The Laser Shot shoot house, Bass said, is essentially a very detailed and complex video game.
"At the heart of it, it is a video game. This is what video games have evolved too."
The shoot house continues to evolve.
Bass is currently working with his team on a classified project with the Navy to create the next-generation live-fire close-quarter combat training facility.
The prototype for the new design went live earlier this month, he said.
In this latest iteration, small tracking devices are attached to the training unit's weapons. The computer uses this information to create a virtual version of the real house and real soldiers for the digital enemies to react to, essentially turning the real world into a level in their video game world. Then it streams this new data to the digital bad guys, allowing them to know where the soldiers are in the house.
"They can look at you, they can shoot in your direction virtually," Bass said.
Soldiers also wear impact vests that deliver sharp thuds when a virtual bullet hits them.
"When the avatar shoots, the system creates a virtual shot that it tracks going into the replica of the room in which the soldiers are standing.

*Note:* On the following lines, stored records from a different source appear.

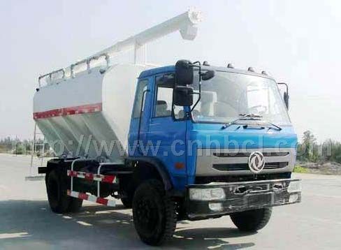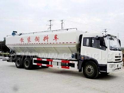 散裝飼料車的飼料罐架設在卡車的底盤上,專用設施由罐體總成、輸送系統(水平卸料系統、垂直卸料系統以及活動卸料系統組成)、散裝飼料車罐,液壓系統(高壓油泵經管路與分配閥連接該閥的三個輸出端分別是轉角液壓馬達、升降油缸以及串聯在一起的水平卸料、垂直卸料、活動卸料液壓馬達)、散裝飼料車罐電動系統、氣動分倉機構等組成。在罐體底部設有閘門,在閘門下面裝有水平螺旋輸送器(俗稱水平攪籠),由取力器由汽車變速箱輸出動力驅動,再傳動高壓油泵以驅動液壓系統,散裝飼料車罐,液壓馬達通過傳動裝置帶動水平螺旋輸送器的葉片軸及葉片旋轉,經活動輸送系統(俗稱活動攪籠)以將飼料輸出。車頂平置的一根活動卸料絞龍可自由回轉和抬升,運輸時頂部的螺旋管平臥在罐頂;卸料時則抬起,散裝飼料車罐使管端的出料口與畜禽飼養場貯料罐頂部的進料門相接、對準,完成卸料。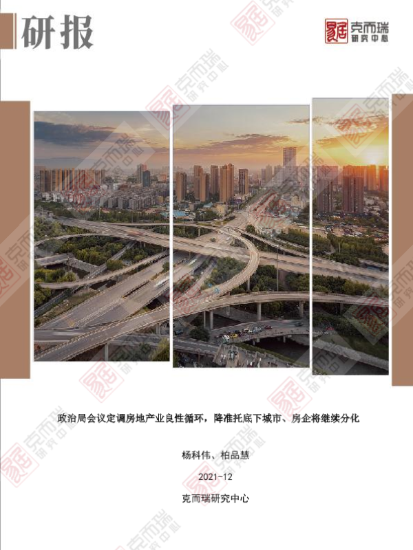 【克而瑞研究中心】【202112】政治局会议定调房地产业良性循环,降准托底下城市、房企将继续分化-3页 行业研究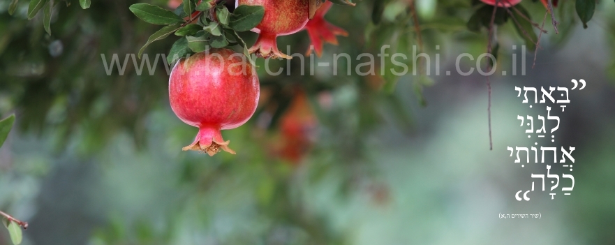 תמונה מוארכת ואמנותית שצולמה בין עצי הרימון, בשילוב מילים משיר השירים פרק ה, המשל על אהבת ה' לכנסת ישראל.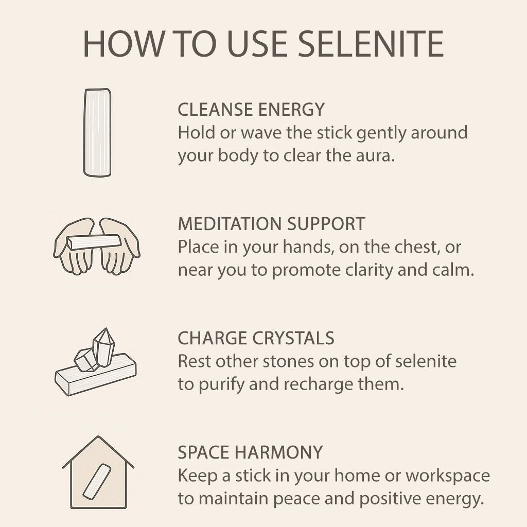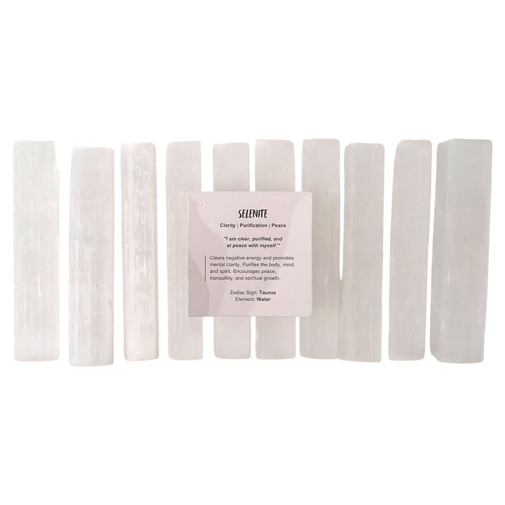 Carved from luminous selenite, these straight wands are designed to support energy clearing, meditation and crystal work. With a sleek form and polished finish, each wand is ideal for directing energy, placing on altars, or using in healing rituals. Selenite is widely known for its ability to cleanse other crystals and promote spiritual clarity.
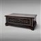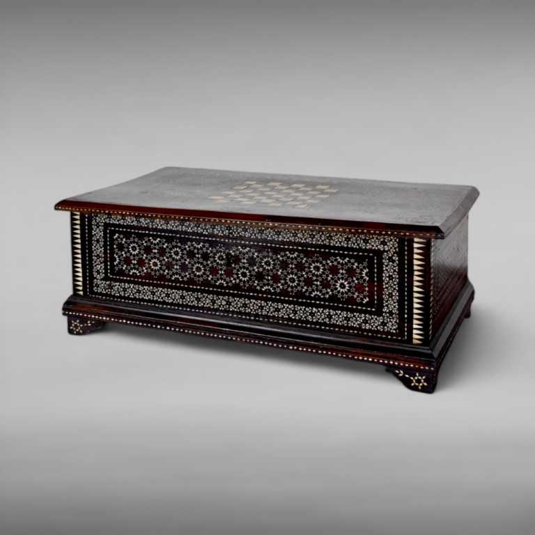 Rectangular chest with hinged lid, inlaid with bone micromosaic tesserae, forming traditional decoration with starbursts, stylised arabesques, roundels and geometric patterns which cover every side of the chest. The top is decorated with a chessboard. A similar item was auctioned by Sotheby's London last 7th October (lot 323), and another one is located in Victoria and Albert Museum (Acc. no. 7224-1860).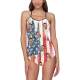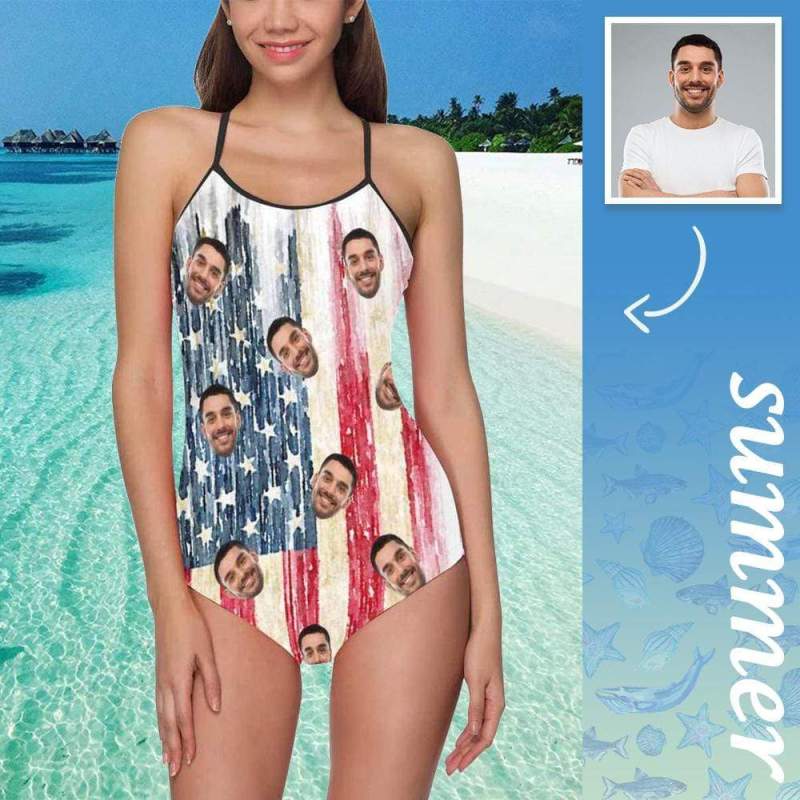 Custom Face Swimwear Women's Photo Slip One Piece Swimsuit- Artistic USA Flag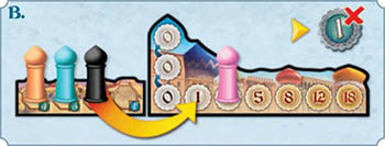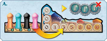 Oliver wants to play early this turn, but he doesn't want to pay too much: he remembers Gold Coins are worth Victory Points at the end of the game. So he decides to go for spot marked "3", paying 3 gold to the bank and placing his Turn marker there.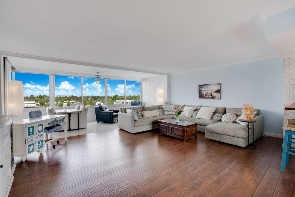 Waterfront Living at its "Best " on the Intracoastal Waterway. Move in ready with furnished as shown, with and stunning views. Watch the boats go by, experience effortless waterfront living. This condo has been made into a two-bedroom unit. All open and bright with hurricane doors and windows. Low maintenance fee. in this boutique building. Two blocks from the beach., restaurants, Jelly fish museum and much more. One underground parking space. Experience South Florida living at its best. Condo rider and seller disclosure attached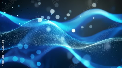 Wall mural blue wave abstract background with glowing particles for web design and modern technology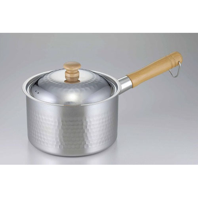 フタ付きで深さがあります。握りやすい木製ハンドル。槌目模様を付けて強度を高めた丈夫な作り。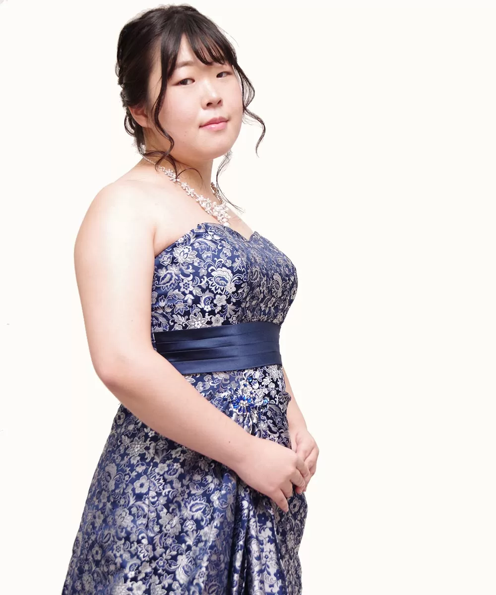 ドレスルームアミで人気の高級なジャガード生地をふんだんに使用したネイビーカラーのドレスを着用されてのプロフィール写真撮影を担当させていただきました。このドレスは撮影の際のフラッシュも美しく反射する光沢感のある刺繍になっているので、演奏会で使う衣装としてだけでなくコンクールの宣材写真での着用もオススメです。今回のお客様は撮影前に美容室でヘアメイクをされてからご来店いただきましたが、髪の毛のセットは宣材写真撮影の際にはとても重要です。特にロングヘアの方の場合、その差は大きく出ます。プロフィール写真は一度撮影したものを永く使われる場合が多いですので、少し手間かもしれませんが、しっかりヘアメイクも撮影前に行って、より素敵な写真を収めてみてください。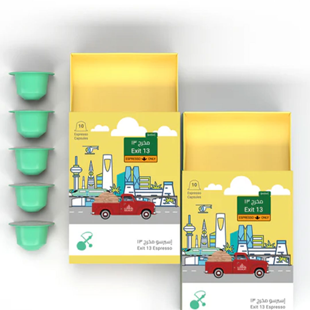 كبسولات مخرج 13 تأتي بنفس الخلطة الأصلية المستعملة في خلطتنا "مخرج 13" مكونة بمحاصيل من الجافا وقواتيمالا وإثيوبيا. تتميز هذه الخلطة بحلاوة عسلية واضحة وقوام كريمي ثقيل كالدبس ونكهة الفاكهة المجففة وعبق الكاكاو الفاخر ممزوج بالحطب والعود. وتتناسب مع مكائن كبسولات القهوة مورنينق و نيسبريسو

When it collides with their avatars it gives the vest a thump," he said. "Right now we have a vest, but we are expanding it to new technology that will allow you to add the ability to be thumped in individual zones of your body."
The next iteration of the shoot houses, Bass said, will likely include even more tech, including the ability to measure the biometrics of the soldiers in real time and feed that to both the trainers and the computer and its minions of digital enemies.
"The military industry has looked at Hollywood in the past to get them to the next level of training," Bass said. "Now it's time to look at video games. Soldiers need something more than paper targets to train with."